# MA GSRNE Dogwalk approaching



## MatsiRed (Dec 5, 2004)

Unfortunately, I can't make it due to a work conflict this year, but I've made it almost every other year and it's always been a great day for me. The person running this has put her heart and soul into this, so should be a fabulous day! And you can bring your dogs, of course! It's a great way to meet up with other shepherd enthusiasts, as well as rescue volunteers. Can't say enough about it. Wish I were going.

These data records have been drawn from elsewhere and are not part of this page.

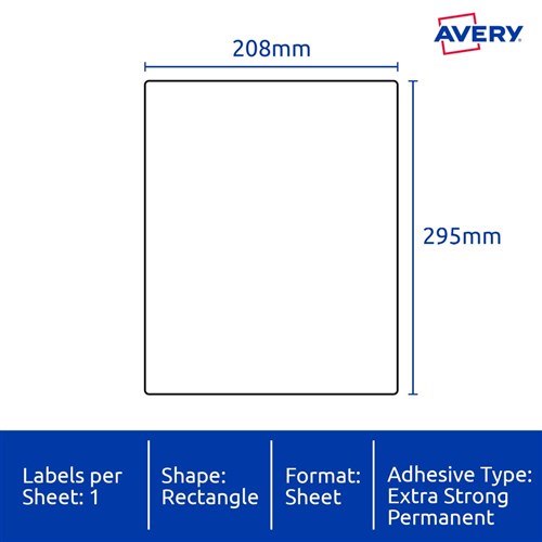 Avery Identification Laser Ultra Resistant White L7917 208x295mm 1UP 10 Labels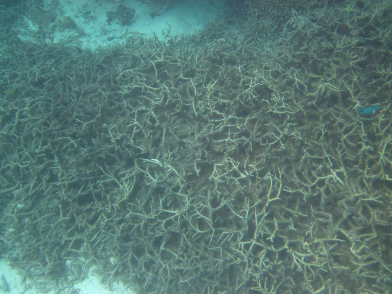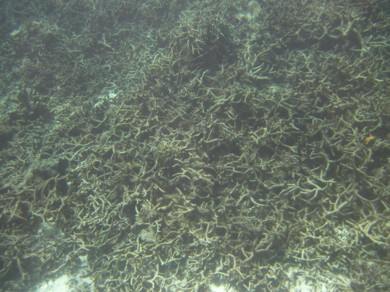以前あった 見事な枝サンゴはみんなこんな風に白化してがれきのように堆積しています -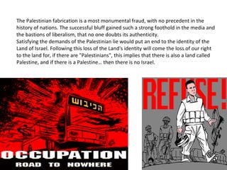 21. 21. The Palestinian fabrication is a most monumental fraud, with no precedent in the history of nations. The successful bluff gained such a strong foothold in the media and the bastions of liberalism, that no one doubts its authenticity. Satisfying the demands of the Palestinian lie would put an end to the identity of the Land of Israel. Following this loss of the Land's identity will come the loss of our right to the land for, if there are &quot;Palestinians&quot;, this implies that there is also a land called Palestine, and if there is a Palestine… then there is no Israel.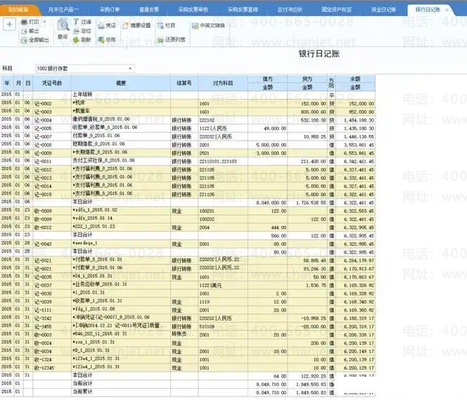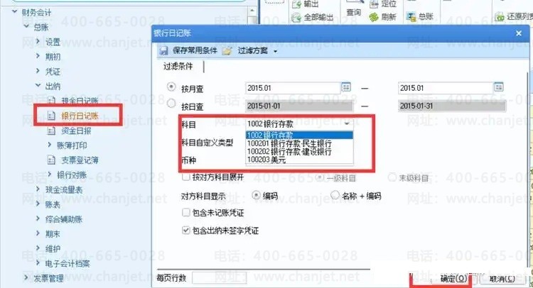 1) 在总账-出纳-银行日记账里可以查询银行科目的日记账。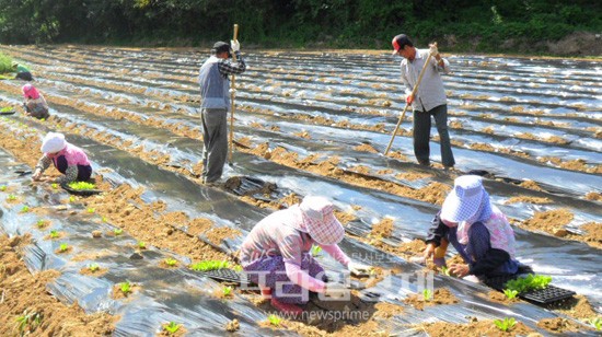 읍면직원과 노인일자리사업 참여 어르신들이 구슬땀을 흘리며 파종한 이 작물들은 올 겨울 자원봉사단체의 도움을 받아 김장을 실시, 독거노인과 경로당 등에 전달될 예정이다.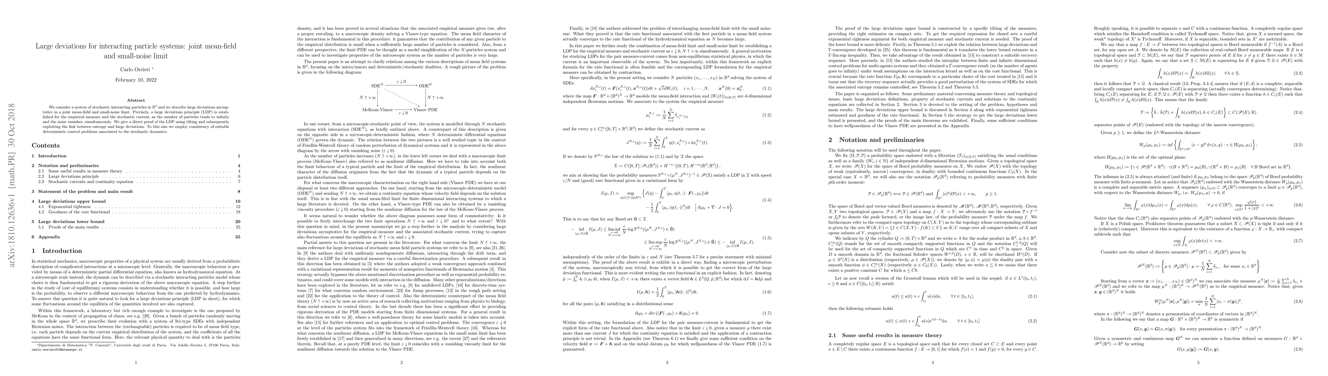 This paper establishes a large deviations principle for a system of stochastic interacting particles in $\mathbb{R}^d$ under a joint mean-field and small-noise limit. The authors provide a direct proof using tilting and entropy-based methods, leveraging deterministic control problems to achieve their results.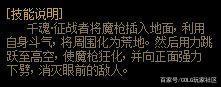 ◆从三觉演示动画与说明中,征战者拿的是魔枪,并利用斗气将周围环境幻为荒地,最后跃向空中施展强力下劈,话说这一段时间的三觉怎么都喜欢腾空下劈。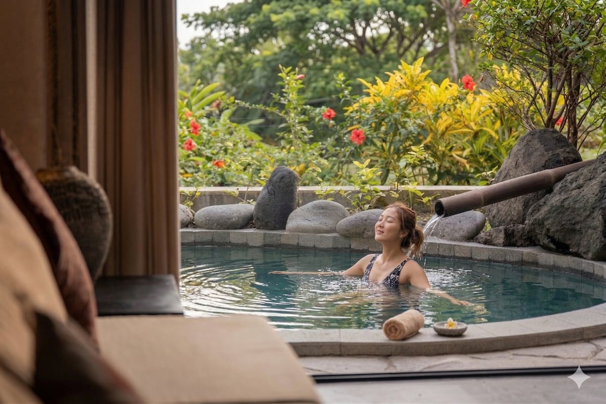 迷人的房间,阳台上有浴缸,可欣赏泳池景观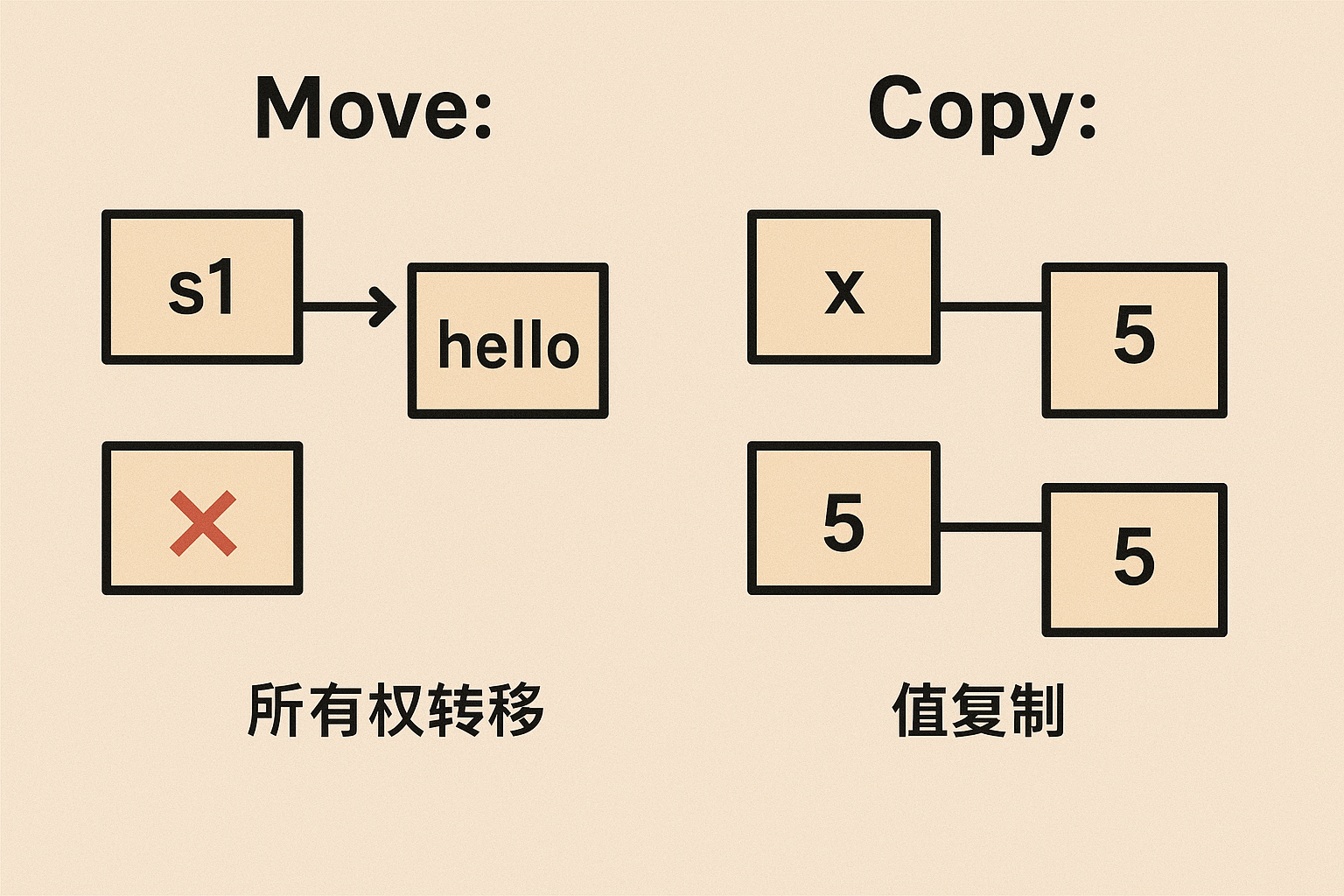 并非所有类型都遵循 Move 语义。对于实现了 Copy trait 的类型(如整数、布尔值、字符、浮点数以及只包含 Copy 类型的元组),赋值操作会进行复制(Copy),而不是移动。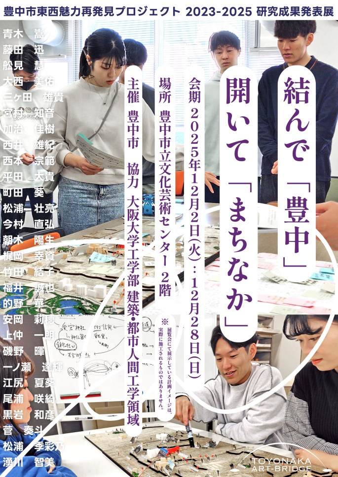 ただいま、豊中市文化芸術センター2Fにて、大阪大学大阪大学工学部 建築•都市人間工学領域による「豊中市東西魅力再発見プロジェクト」の研究成果展示を開催中です。

Date: Saturday, October 4, 2008
Time: 10:00 am – 3:00 pm 
Place: Borderland State Park, Easton/Sharon, MA 

10:00 am: Registration Opens 
11:00 am: Group Walk led by Pako, GSRNE # 177 & Riley, GSRNE # 229 
TBA CGC Testing conducted by Mary Farren, GSRNE Foster Training Director 
12:00 pm: Agility Demo by Martine and the Amazing Murray! 
12:45 pm: GSRNE Parade of Rescue Dogs 
1:15 pm: Photo Contest Winner announced 
2:00 pm: Silly Dog Games 

Directions to Borderland State Park from all points:

http://www.gsrnewalknwag.org/Directions.htm


For more information, click here:

http://www.gsrnewalknwag.org


----------



## littledmc17 (Apr 9, 2008)

It is a great time Brady and I went last year!!
Unfortunately we can't make it either
But I do have some donations for them!!!


----------



## maxismom (Jan 13, 2008)

Thanks for the info! I hope to attend this. I really want to meet up with other owners and especially, the rescue people.


----------



## SunCzarina (Nov 24, 2000)

Is anyone else going? I may take Morgan and the kids but not the pupper - not sure anyone other than Morgan and I could make the walk!


----------